* **Exercise**:
Would you copy only the lines below, from the one containing "Floris Jacket fra" through the very last one, leaving the pictures out?

[Dataset items]

□ □ □ □ □ □ □

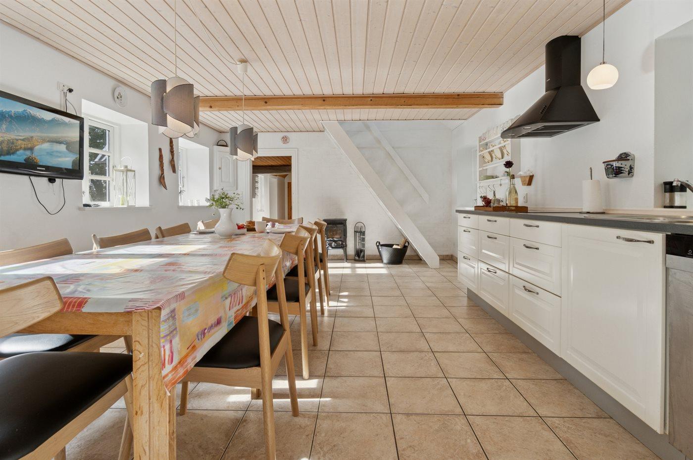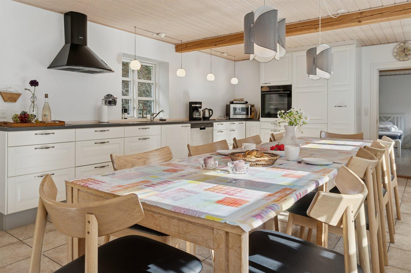 Køkkenet er udstyret med 2 køleskabe. Der er 4 keramiske kogeplader, varmluftovn, mikrobølgeovn samt opvaskemaskine Der er gulvvarme i køkkenet.
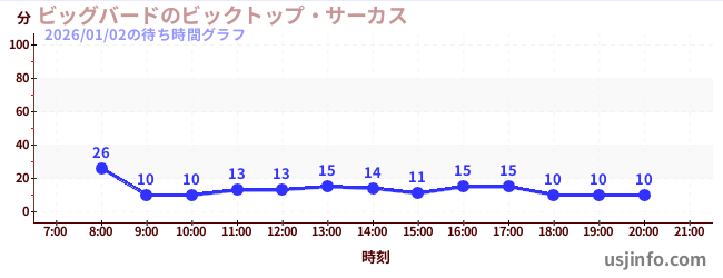 • ビッグバードのビックトップ・サーカス$B$N(B2026年01月02日の待ち時間
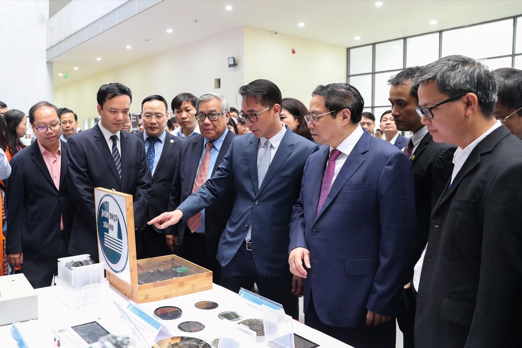 GS.TS Chử Đức Trình, Hiệu trưởng Trường Đại học Công nghệ - Đại học Quốc gia Hà Nội giới thiệu với Thủ tướng Phạm Minh Chính về sản phẩm công nghệ do nhà trường nghiên cứu
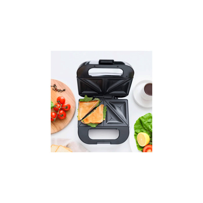 Бутербродниця MG-375 має всі необхідні функції, щоб швидко приготувати смачні та поживні сендвічі. Одночасно в ній можна випікати відразу по 4 сендвічі, краї яких щільно спаюють борти форм, надійно замикаючи начинку всередині. Корпус виготовлений із висококласного термостійкого пластику чорного кольору. Тип листа - підсмажений сендвіч у формі трикутників. Нагрівальний елемент потужністю 750 Вт забезпечить швидке і рівномірне нагрівання двох робочих поверхонь з антипригарним покриттям. Бутербродниці Magio дуже зручні у користуванні, сендвічі не пригорають і легко витягуються. Завдяки компактним розмірам та фіксатору бутербродницю зручно зберігати. На кришці є світлові індикатори живлення та готовності до роботи, що полегшує контроль процесу приготування
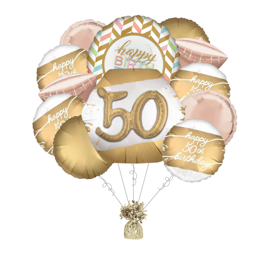 Premium Golden Age 50th Birthday Foil Balloon Bundle with Balloon Weight
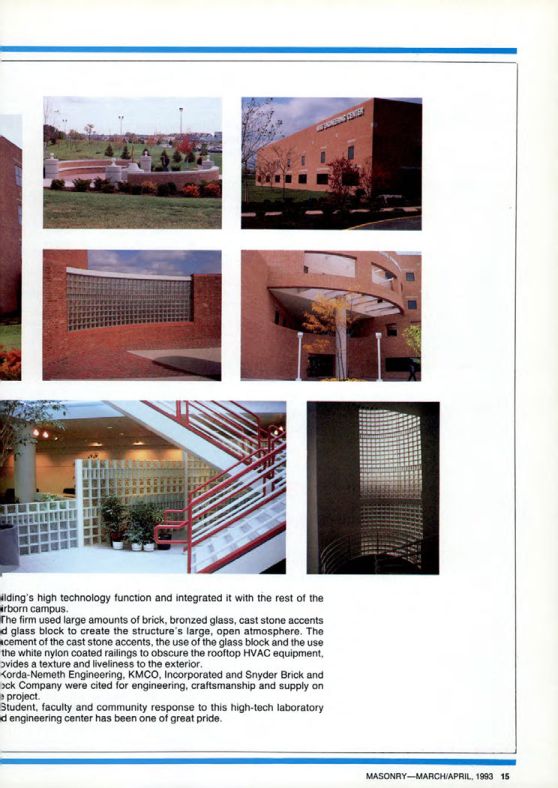 Korda-Nemeth Engineering, KMCO, Incorporated and Snyder Brick and Block Company were cited for engineering, craftsmanship and supply on the project.
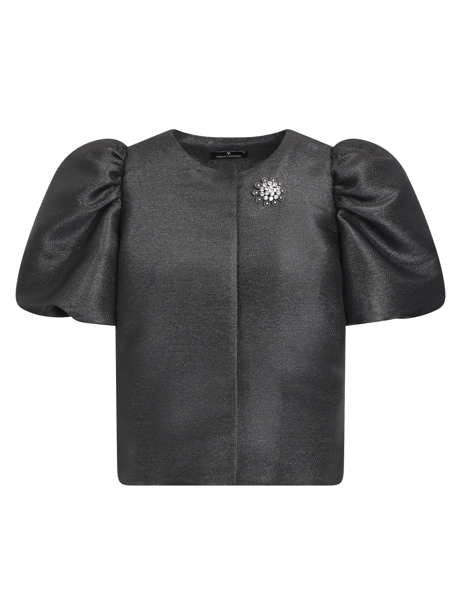 Floris Jacket fra Urban Pioneers. Floris Jacket er en elegant cropped jakke med et delikat metallic shimmer som gir antrekket det lille ekstra. Jakken er designet med puffede ermer og lukkes med diskrete hemper i front. En liten pin-detalj på brystet tilfører et unikt og moderne preg. Perfekt både til festlige anledninger og for å løfte hverdagslooken. Normal i størrelsen.
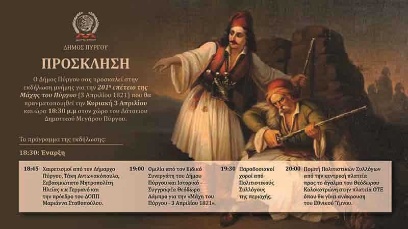 Για δεύτερη χρονιά ο Δήμος Πύργου διοργανώνει εκδήλωση μνήμης και τιμής για την 201η επέτειο της Μάχης του Πύργου (3 Απριλίου 1821). Η εκδήλωση θα πραγματοποιηθεί ανήμερα της επετείου, την Κυριακή 3 Απριλίου 2022 και ώρα 18.30 στον εξωτερικό χώρο του Λάτσειου Δημοτικού Μεγάρου.
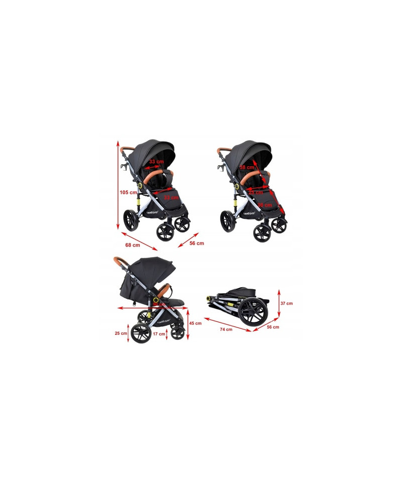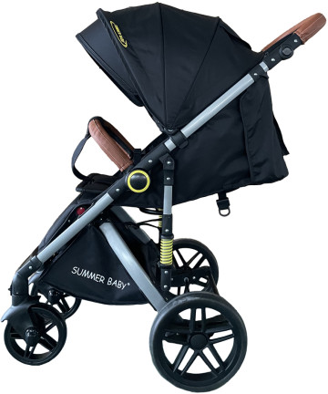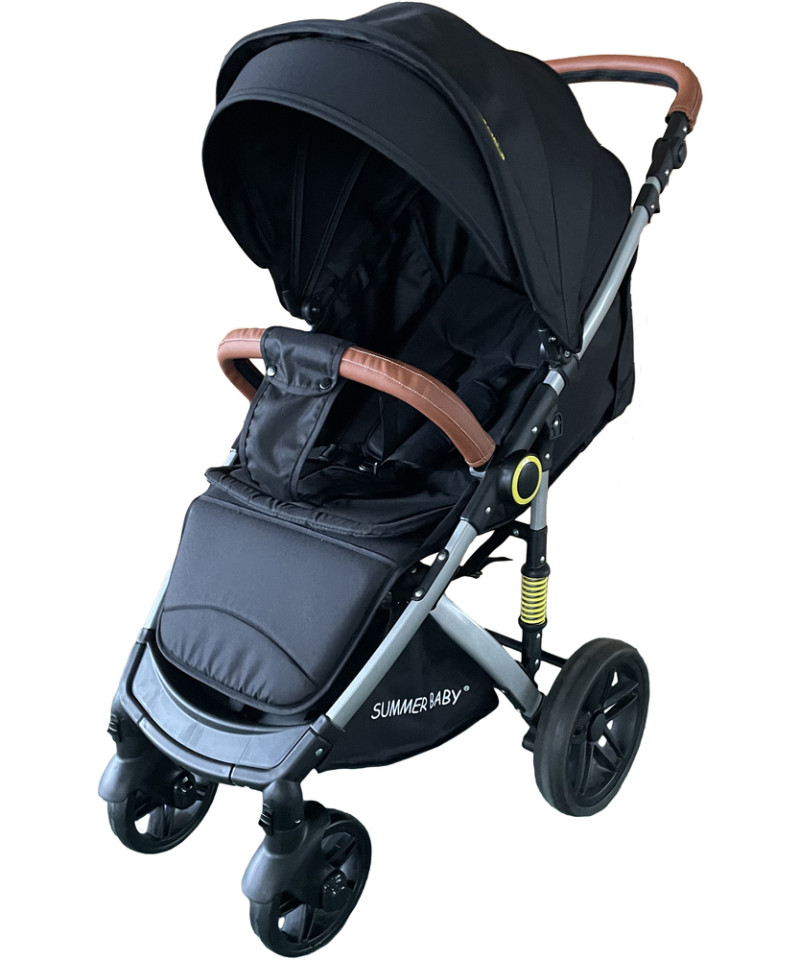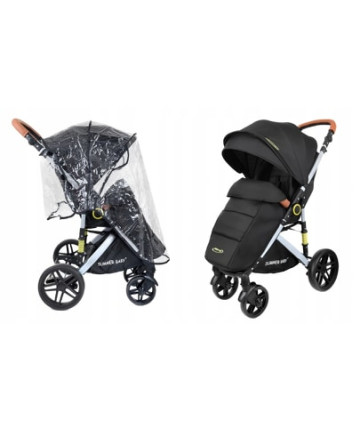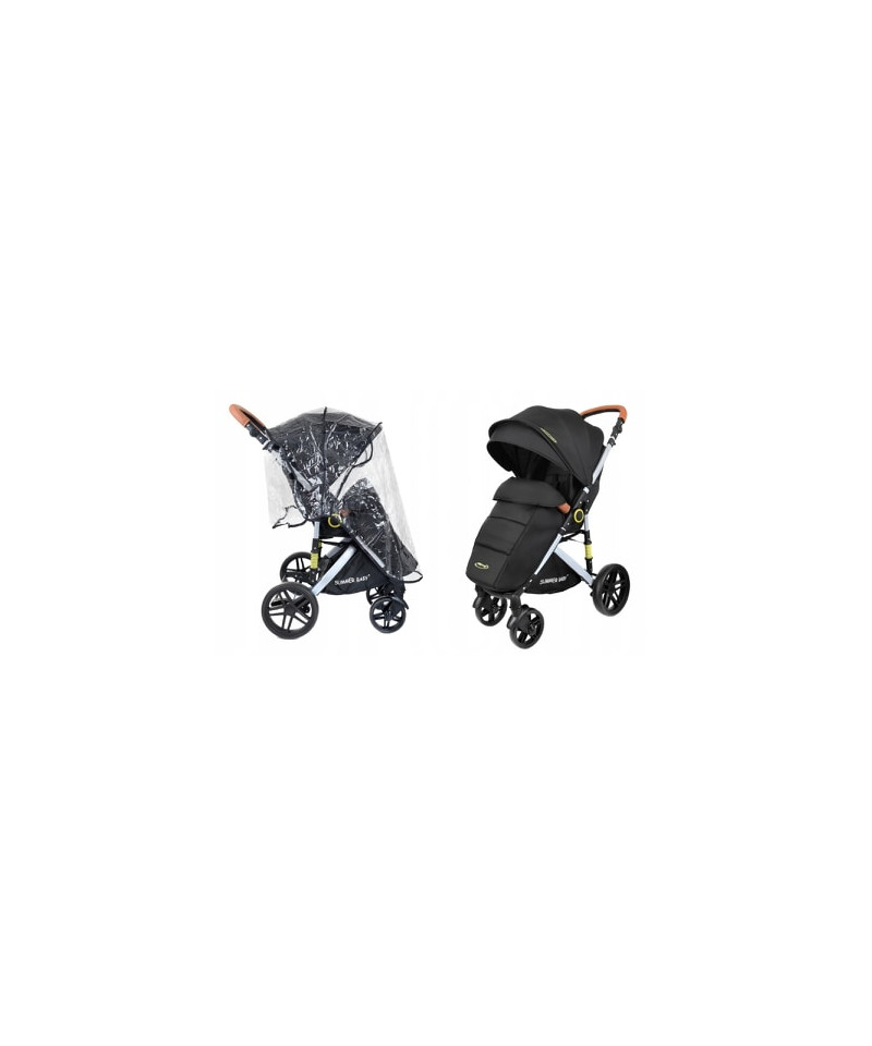 WÓZEK SPACERÓWKA SUMMER BABY SEMPRE DUŻE KOŁA 25 cm + RĄCZKI Z EKO SKÓRY + OCIEPLACZ + FOLIA
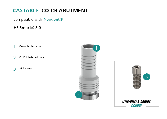 Castable Abutment with Co-Cr Base compatible with Neodent® HE Smart® 5.0
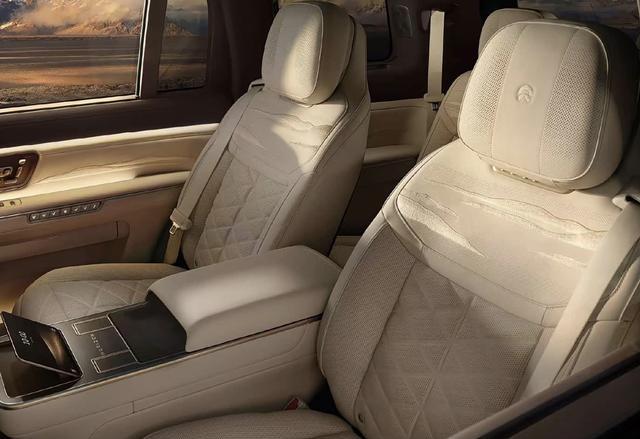 内饰方面,蔚来ES9以豪华与科技为核心,采用环抱式座舱设计,大面积采用Nappa真皮、枫影真木饰板包裹,搭配“千里江山”刺绣与“风生水起”音响罩,将东方意境与现代工艺完美融合。核心配备15.6英寸AMOLED悬浮中控屏,搭载SkyOS·天枢整车全域操作系统,操作流畅顺滑,同时配备Skyline天际线屏幕,主副驾两侧均可显示车辆信息。部分版本还配备14.5英寸全景互联行政屏,彰显行政旗舰格调。
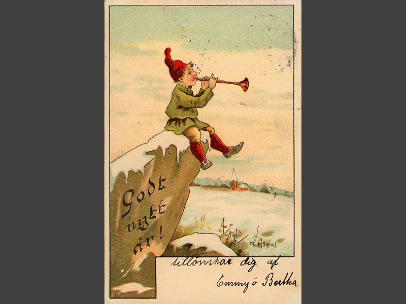 Kortets framsida. Illustration föreställande en tomtenisse som sitter på en snöklädd sten och blåser i något som liknar en trumpet. På stenen finns målat "Godt nytt år!". Under bilden finns en handskriven hälsning "tillönskas dig af / Emmy o Bertha". Kortets baksida. "BREFKORT / (Carte postale) / (Denna sida användes endast för adresseringen.)" finns tryckt ovanför den handskrivna adressen "Fröken...
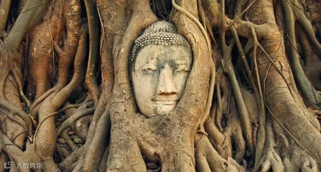 大城标志性景点是「树抱佛头」。缅甸军入侵时大肆破坏,掠走了很多佛头,唯独遗落了这么一颗,佛头和树根缠绵生长,在它的保护下,闭目含笑,走过百年时光。一个不经意的瞬间,就成了永恒。

□ □ □ □ □ □ □

* **Answer box**:
 Floris Jacket fra Urban Pioneers. Floris Jacket er en elegant cropped jakke med et delikat metallic shimmer som gir antrekket det lille ekstra. Jakken er designet med puffede ermer og lukkes med diskrete hemper i front. En liten pin-detalj på brystet tilfører et unikt og moderne preg. Perfekt både til festlige anledninger og for å løfte hverdagslooken. Normal i størrelsen.
 Για δεύτερη χρονιά ο Δήμος Πύργου διοργανώνει εκδήλωση μνήμης και τιμής για την 201η επέτειο της Μάχης του Πύργου (3 Απριλίου 1821). Η εκδήλωση θα πραγματοποιηθεί ανήμερα της επετείου, την Κυριακή 3 Απριλίου 2022 και ώρα 18.30 στον εξωτερικό χώρο του Λάτσειου Δημοτικού Μεγάρου.
 WÓZEK SPACERÓWKA SUMMER BABY SEMPRE DUŻE KOŁA 25 cm + RĄCZKI Z EKO SKÓRY + OCIEPLACZ + FOLIA
 Castable Abutment with Co-Cr Base compatible with Neodent® HE Smart® 5.0
 内饰方面,蔚来ES9以豪华与科技为核心,采用环抱式座舱设计,大面积采用Nappa真皮、枫影真木饰板包裹,搭配“千里江山”刺绣与“风生水起”音响罩,将东方意境与现代工艺完美融合。核心配备15.6英寸AMOLED悬浮中控屏,搭载SkyOS·天枢整车全域操作系统,操作流畅顺滑,同时配备Skyline天际线屏幕,主副驾两侧均可显示车辆信息。部分版本还配备14.5英寸全景互联行政屏,彰显行政旗舰格调。
 Kortets framsida. Illustration föreställande en tomtenisse som sitter på en snöklädd sten och blåser i något som liknar en trumpet. På stenen finns målat "Godt nytt år!". Under bilden finns en handskriven hälsning "tillönskas dig af / Emmy o Bertha". Kortets baksida. "BREFKORT / (Carte postale) / (Denna sida användes endast för adresseringen.)" finns tryckt ovanför den handskrivna adressen "Fröken...
 大城标志性景点是「树抱佛头」。缅甸军入侵时大肆破坏,掠走了很多佛头,唯独遗落了这么一颗,佛头和树根缠绵生长,在它的保护下,闭目含笑,走过百年时光。一个不经意的瞬间,就成了永恒。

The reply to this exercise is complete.